● **What you should do**
Every entry below should be reproduced exactly; no picture is to be included.

● **Provided records**
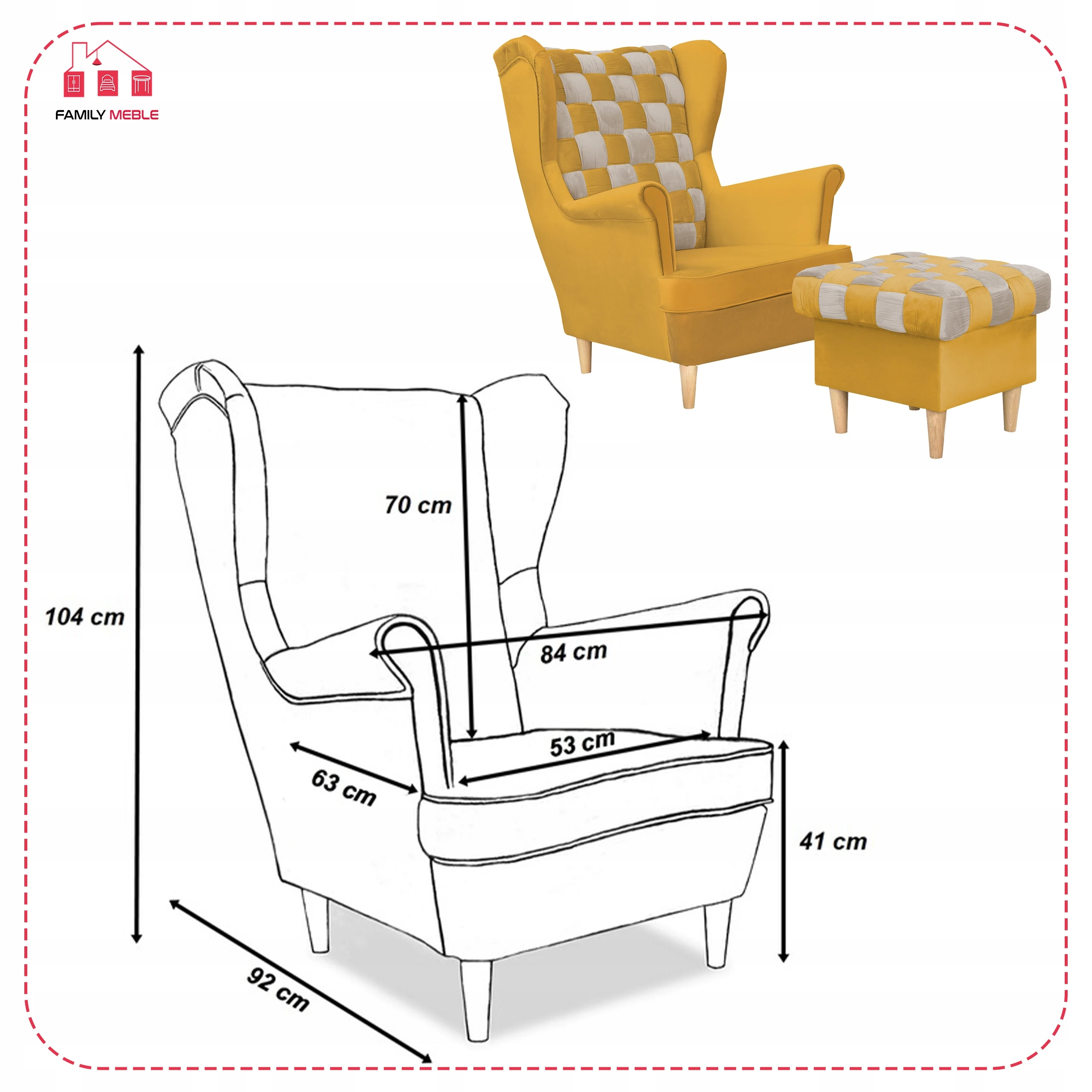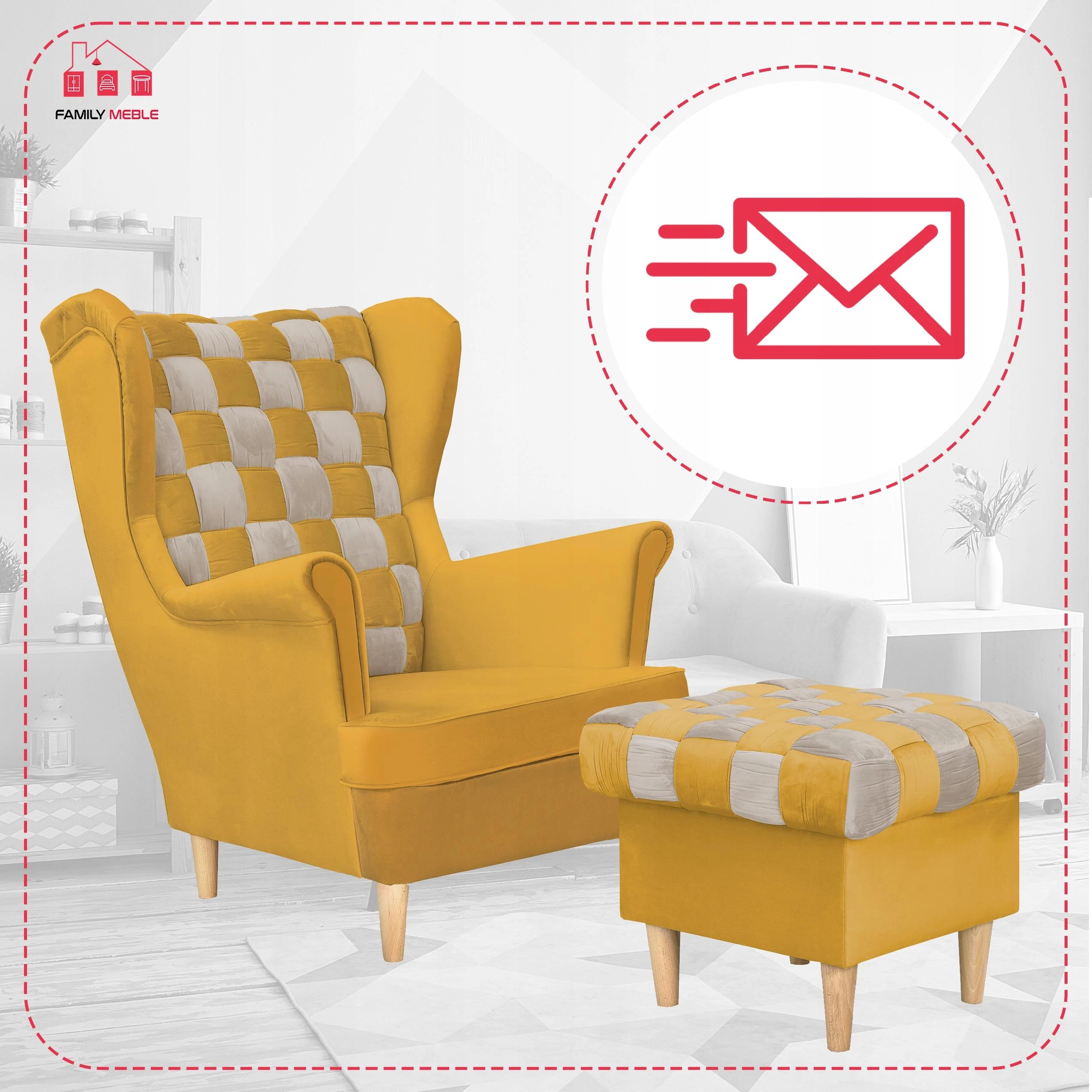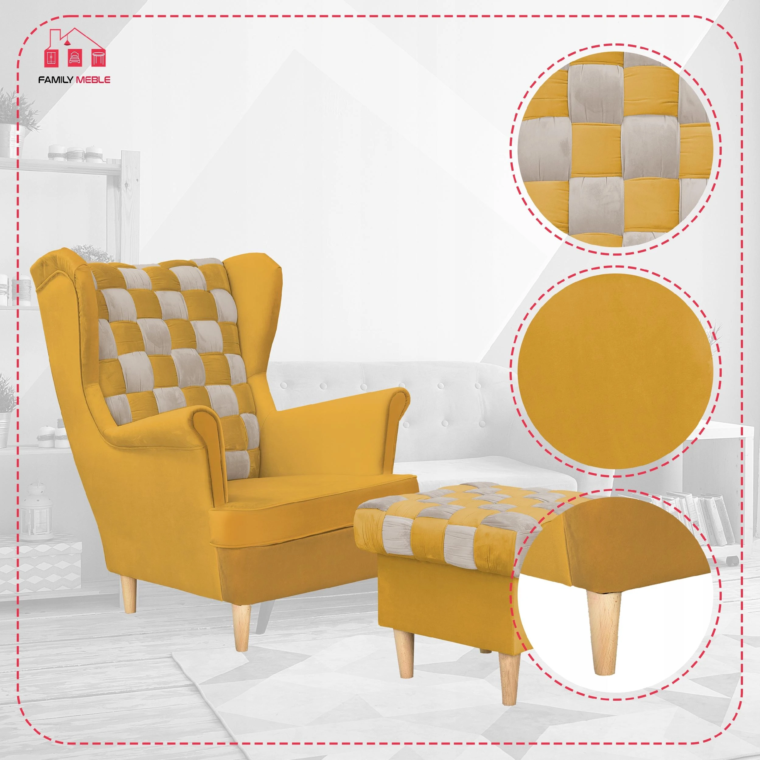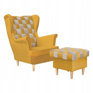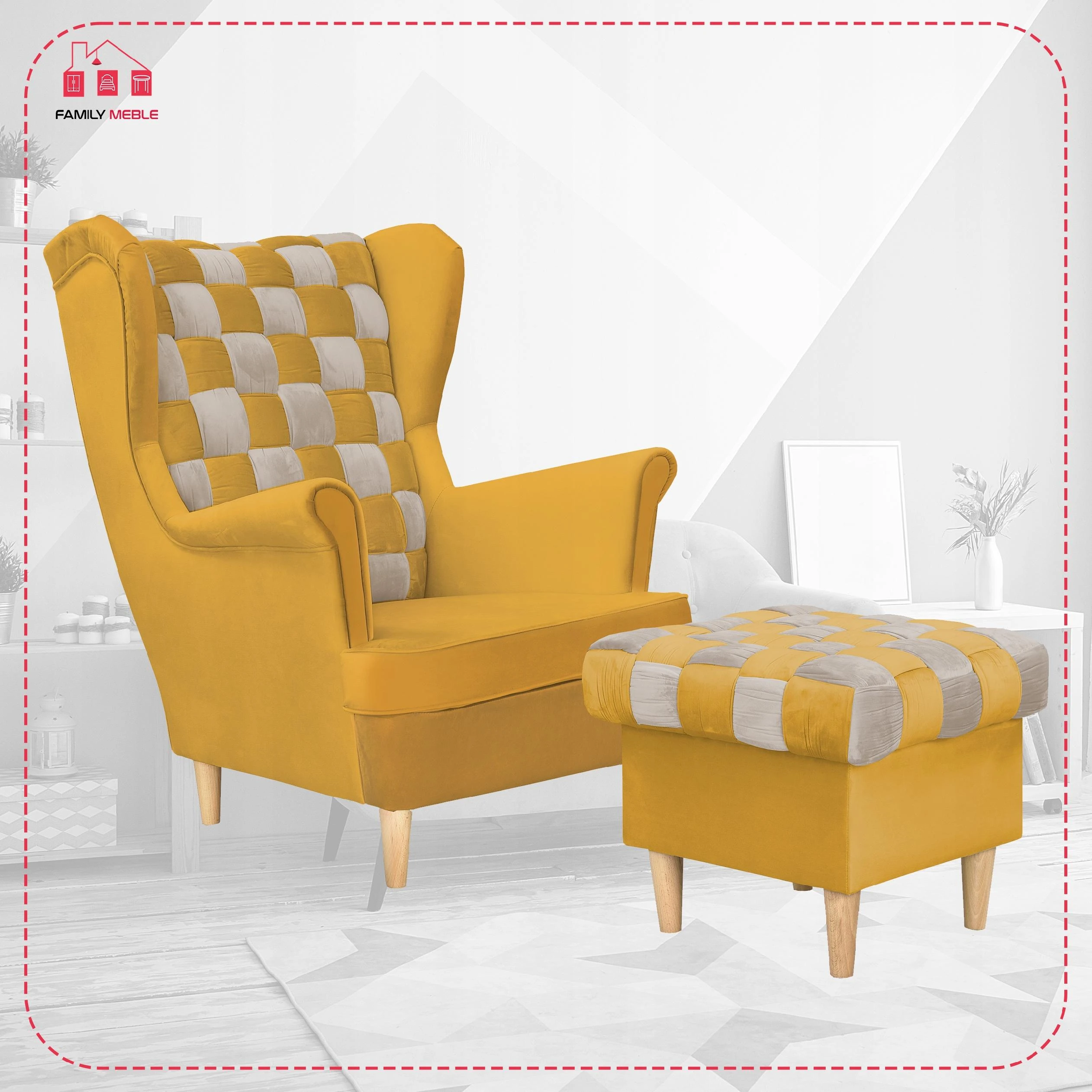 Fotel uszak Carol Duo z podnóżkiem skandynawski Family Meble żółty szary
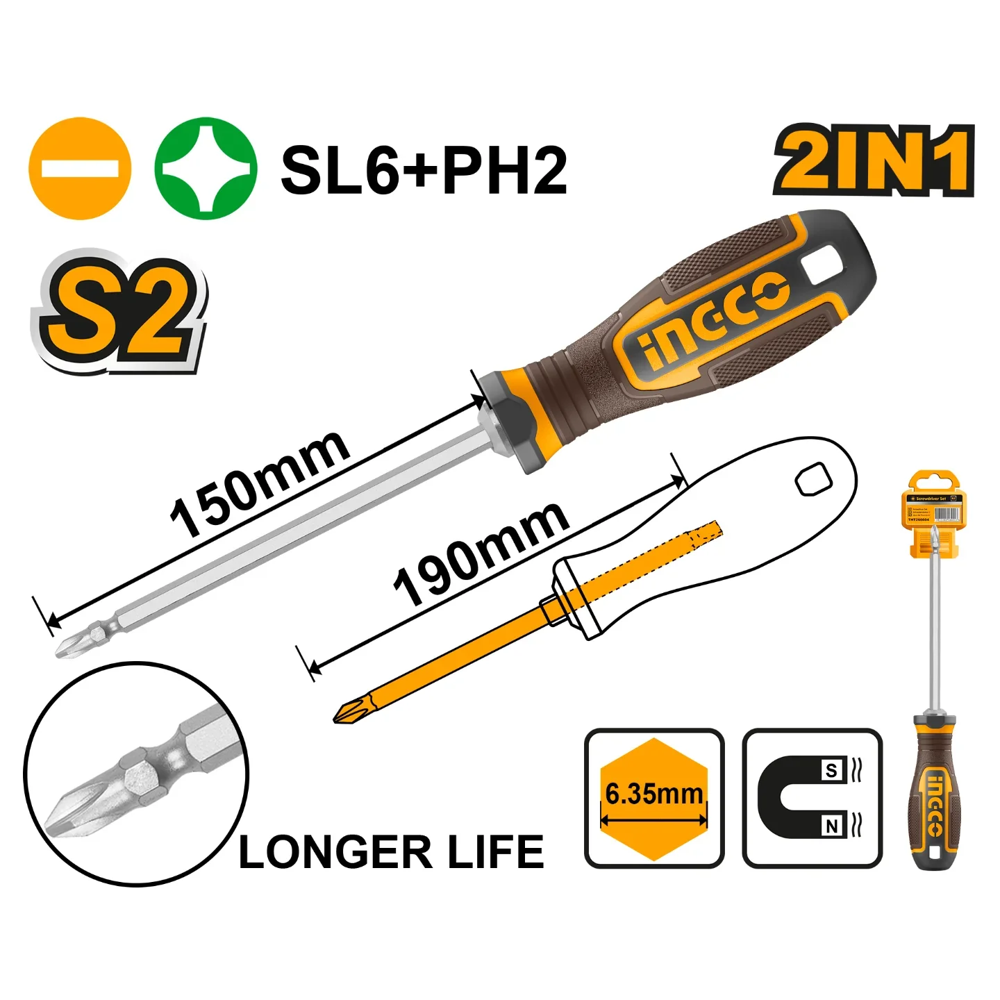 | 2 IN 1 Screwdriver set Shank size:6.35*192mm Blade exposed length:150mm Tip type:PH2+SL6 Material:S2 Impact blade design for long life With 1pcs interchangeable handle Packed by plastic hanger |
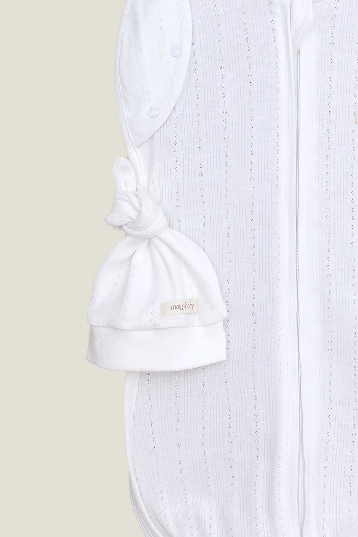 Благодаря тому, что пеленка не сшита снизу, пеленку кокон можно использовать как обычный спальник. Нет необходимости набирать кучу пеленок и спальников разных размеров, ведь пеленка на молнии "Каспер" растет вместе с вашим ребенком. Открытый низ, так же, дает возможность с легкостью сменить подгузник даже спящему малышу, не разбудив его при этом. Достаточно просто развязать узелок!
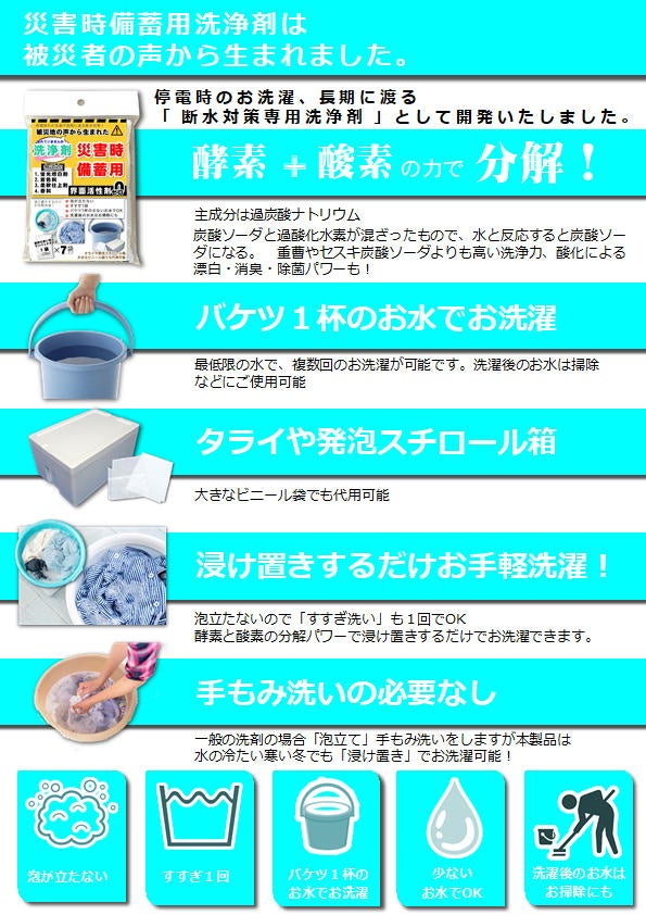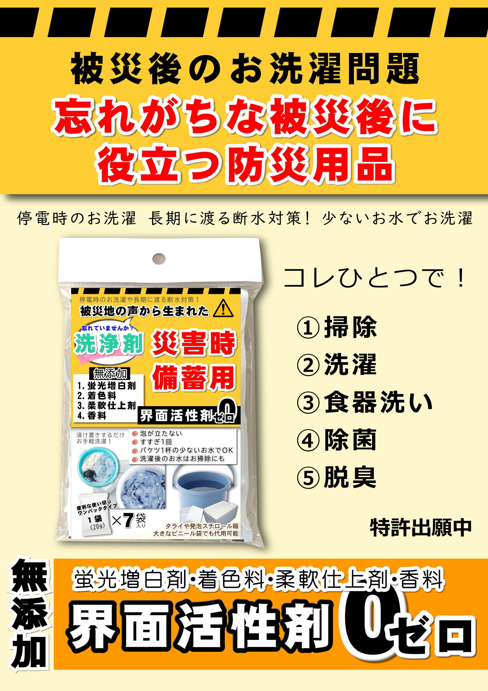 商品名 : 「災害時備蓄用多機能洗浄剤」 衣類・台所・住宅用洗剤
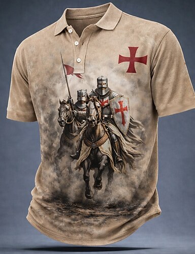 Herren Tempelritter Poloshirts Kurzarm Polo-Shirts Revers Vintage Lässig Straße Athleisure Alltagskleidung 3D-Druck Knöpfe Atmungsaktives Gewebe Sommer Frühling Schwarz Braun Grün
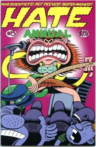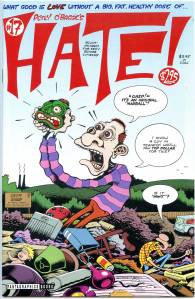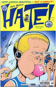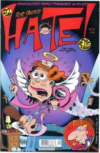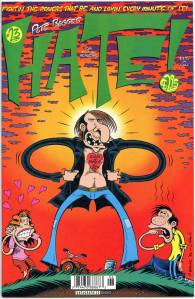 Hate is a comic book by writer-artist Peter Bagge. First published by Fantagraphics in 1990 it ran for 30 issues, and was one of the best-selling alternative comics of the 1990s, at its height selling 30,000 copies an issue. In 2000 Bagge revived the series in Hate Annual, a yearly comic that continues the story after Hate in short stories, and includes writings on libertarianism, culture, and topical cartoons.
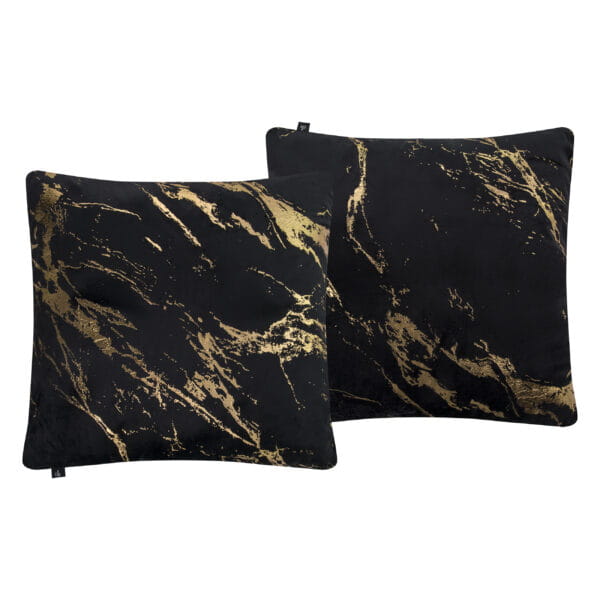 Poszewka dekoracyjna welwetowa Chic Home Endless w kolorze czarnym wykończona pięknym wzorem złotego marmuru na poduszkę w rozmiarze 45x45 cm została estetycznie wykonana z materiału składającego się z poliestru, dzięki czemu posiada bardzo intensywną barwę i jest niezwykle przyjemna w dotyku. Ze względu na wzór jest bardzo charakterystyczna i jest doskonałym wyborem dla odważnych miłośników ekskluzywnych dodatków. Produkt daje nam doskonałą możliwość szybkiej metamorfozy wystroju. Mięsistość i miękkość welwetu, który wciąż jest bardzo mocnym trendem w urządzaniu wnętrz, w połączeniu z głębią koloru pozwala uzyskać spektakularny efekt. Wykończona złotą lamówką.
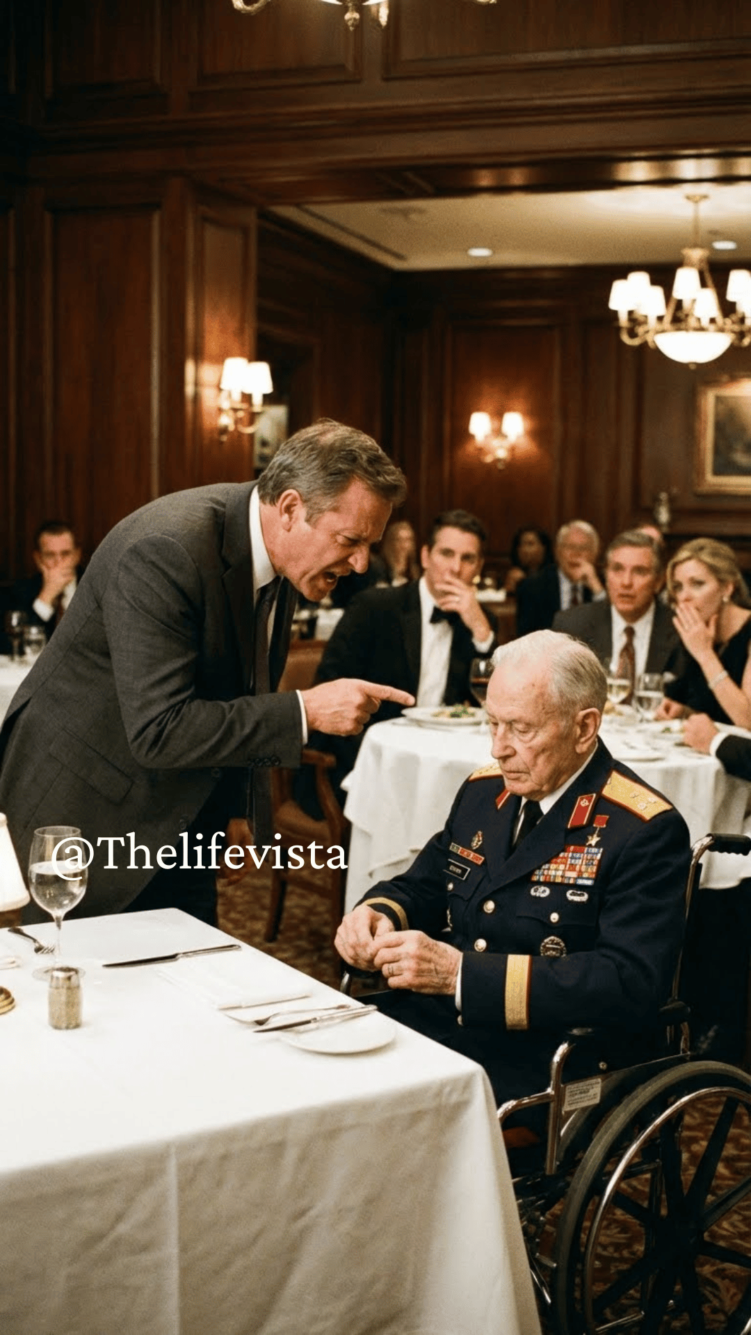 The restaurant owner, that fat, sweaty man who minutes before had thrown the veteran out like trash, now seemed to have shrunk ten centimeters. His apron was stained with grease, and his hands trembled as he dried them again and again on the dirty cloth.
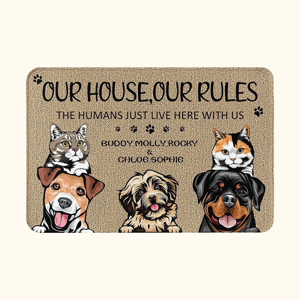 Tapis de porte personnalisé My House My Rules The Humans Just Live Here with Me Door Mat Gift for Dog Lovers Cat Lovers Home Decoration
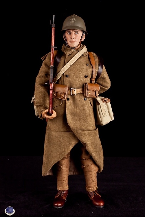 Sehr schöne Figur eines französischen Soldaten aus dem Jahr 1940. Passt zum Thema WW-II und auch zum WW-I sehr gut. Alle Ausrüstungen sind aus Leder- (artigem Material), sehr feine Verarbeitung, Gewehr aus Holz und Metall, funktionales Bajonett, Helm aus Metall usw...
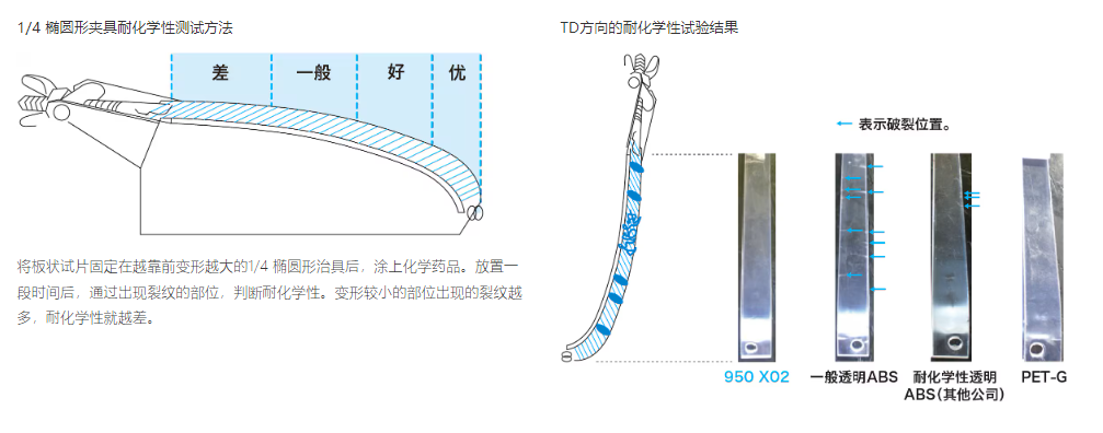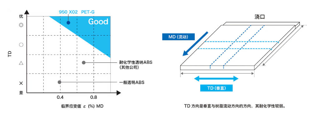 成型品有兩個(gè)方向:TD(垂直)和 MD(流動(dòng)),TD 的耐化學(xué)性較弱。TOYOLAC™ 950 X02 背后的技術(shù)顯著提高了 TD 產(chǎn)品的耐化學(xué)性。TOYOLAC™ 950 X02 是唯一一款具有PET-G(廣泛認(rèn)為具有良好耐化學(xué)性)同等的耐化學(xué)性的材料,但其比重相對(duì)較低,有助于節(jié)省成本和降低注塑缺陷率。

● **Solution**
 Fotel uszak Carol Duo z podnóżkiem skandynawski Family Meble żółty szary
 | 2 IN 1 Screwdriver set Shank size:6.35*192mm Blade exposed length:150mm Tip type:PH2+SL6 Material:S2 Impact blade design for long life With 1pcs interchangeable handle Packed by plastic hanger |
 Благодаря тому, что пеленка не сшита снизу, пеленку кокон можно использовать как обычный спальник. Нет необходимости набирать кучу пеленок и спальников разных размеров, ведь пеленка на молнии "Каспер" растет вместе с вашим ребенком. Открытый низ, так же, дает возможность с легкостью сменить подгузник даже спящему малышу, не разбудив его при этом. Достаточно просто развязать узелок!
 商品名 : 「災害時備蓄用多機能洗浄剤」 衣類・台所・住宅用洗剤
 Herren Tempelritter Poloshirts Kurzarm Polo-Shirts Revers Vintage Lässig Straße Athleisure Alltagskleidung 3D-Druck Knöpfe Atmungsaktives Gewebe Sommer Frühling Schwarz Braun Grün
 Hate is a comic book by writer-artist Peter Bagge. First published by Fantagraphics in 1990 it ran for 30 issues, and was one of the best-selling alternative comics of the 1990s, at its height selling 30,000 copies an issue. In 2000 Bagge revived the series in Hate Annual, a yearly comic that continues the story after Hate in short stories, and includes writings on libertarianism, culture, and topical cartoons.
 Poszewka dekoracyjna welwetowa Chic Home Endless w kolorze czarnym wykończona pięknym wzorem złotego marmuru na poduszkę w rozmiarze 45x45 cm została estetycznie wykonana z materiału składającego się z poliestru, dzięki czemu posiada bardzo intensywną barwę i jest niezwykle przyjemna w dotyku. Ze względu na wzór jest bardzo charakterystyczna i jest doskonałym wyborem dla odważnych miłośników ekskluzywnych dodatków. Produkt daje nam doskonałą możliwość szybkiej metamorfozy wystroju. Mięsistość i miękkość welwetu, który wciąż jest bardzo mocnym trendem w urządzaniu wnętrz, w połączeniu z głębią koloru pozwala uzyskać spektakularny efekt. Wykończona złotą lamówką.
 The restaurant owner, that fat, sweaty man who minutes before had thrown the veteran out like trash, now seemed to have shrunk ten centimeters. His apron was stained with grease, and his hands trembled as he dried them again and again on the dirty cloth.
 Tapis de porte personnalisé My House My Rules The Humans Just Live Here with Me Door Mat Gift for Dog Lovers Cat Lovers Home Decoration
 Sehr schöne Figur eines französischen Soldaten aus dem Jahr 1940. Passt zum Thema WW-II und auch zum WW-I sehr gut. Alle Ausrüstungen sind aus Leder- (artigem Material), sehr feine Verarbeitung, Gewehr aus Holz und Metall, funktionales Bajonett, Helm aus Metall usw...
 成型品有兩個(gè)方向:TD(垂直)和 MD(流動(dòng)),TD 的耐化學(xué)性較弱。TOYOLAC™ 950 X02 背后的技術(shù)顯著提高了 TD 產(chǎn)品的耐化學(xué)性。TOYOLAC™ 950 X02 是唯一一款具有PET-G(廣泛認(rèn)為具有良好耐化學(xué)性)同等的耐化學(xué)性的材料,但其比重相對(duì)較低,有助于節(jié)省成本和降低注塑缺陷率。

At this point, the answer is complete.